If you’ve ever read birth stories from women who had un-medicated vaginal births - you know, the dream birth - the aftermath for many, many of these women goes far beyond “and we got a healthy happy baby.” Women often speak of feeling incredibly empowered, of gaining new respect and awe for for their own body’s abilities, and even of regaining ownership of and belonging in their bodies if they’ve been a victim of sexual abuse or assault in the past.

It’s a pretty big, primal experience and to know you will not even have the opportunity to try for a natural birth is devastating to a lot of women. Telling women that it’s “all about the baby” diminishes their role and the value of their own experiences and really trivialises birth. It is not, in a word, helpful.

I am genuinely glad that c-sections worked out so well for so many people speaking in this thread. I do not think that experience is, however, universal. I know plenty of women who continue to be filled with regret about a missed experience even as their healthy happy kids run around them. One can be delighted with the outcome and still mourn the process - that’s entirely OK.

Anonymous, I think one thing you can do is go back to basics and ask yourself “If I had known before we conceived that this child would be born via c-section, would I have gone ahead and gotten pregnant?” Somehow, I think re-framing this as a choice you would still have made for yourself might be helpful.

Also, you might find it helpful in regaining some sense of control to make a c-section birth plan. You can talk to your OB and still cover many of the important parts, like who will cut the cord, making sure there is skin to skin contact (with you, or if you’re under general, your partner), if you want specific music played, etc. It can still be an experience you design, even if it isn’t the experience you dreamed of.

The internet can usually be trusted on to tear things down, and to an extent that is what was needed here.
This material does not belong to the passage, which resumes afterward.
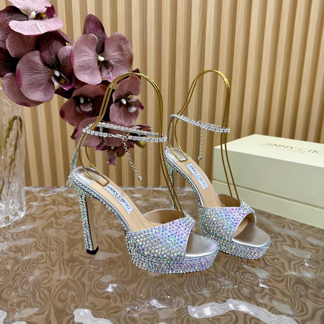 Jimmy Sandal 130mm In Multicolor Lambskin With Stone 581551
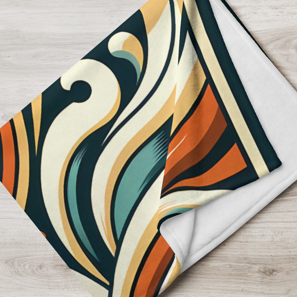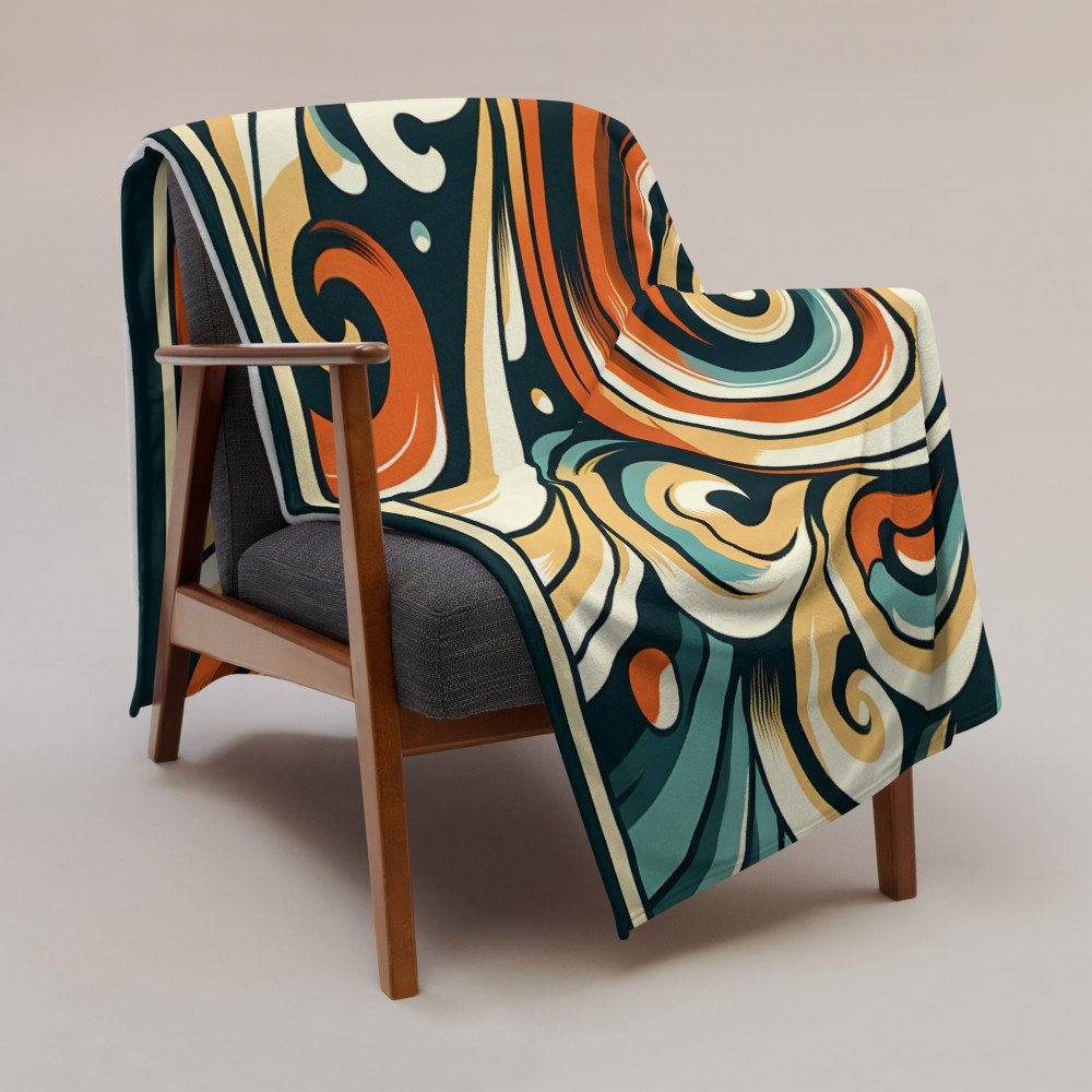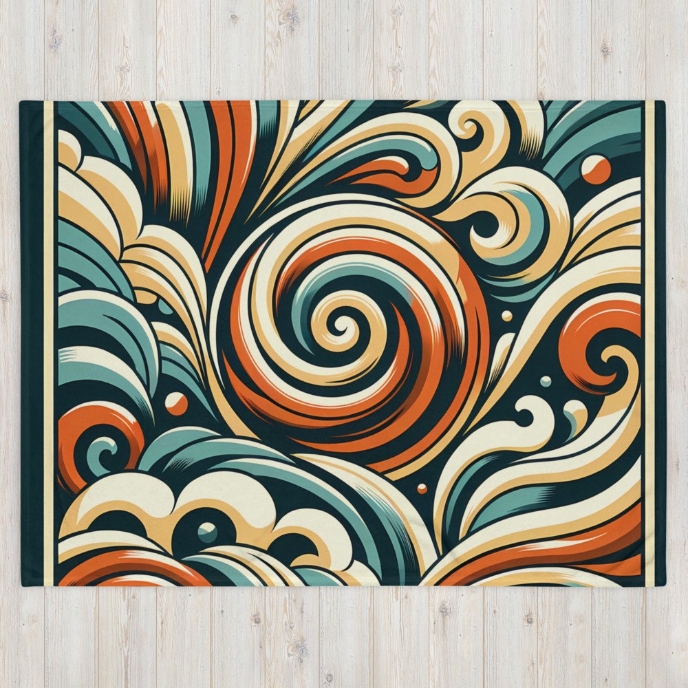 Tangerine DriftwoodRetro Abstract Swirl Waves in Teal and Burnt Orange — Throw Blanket

I do kind of agree with commenters like Maias that a natural birth is “another expectation like simultaneous orgasm which is nice if it happens but does not mean ‘you’re doing it wrong.’ (#)” That doesn’t make DarlingBri’s comment here any less spot on.

It’s easy to be dismissive of women who want to turn childbirth into something other than just removing a baby from the womb (Patton Oswalt does a good job of that here), but that is a really narrow and utilitarian way to look at birth. If sex can be more than just fertilizing an embryo then it’s hard to say that childbirth shouldn’t be especially wonderful.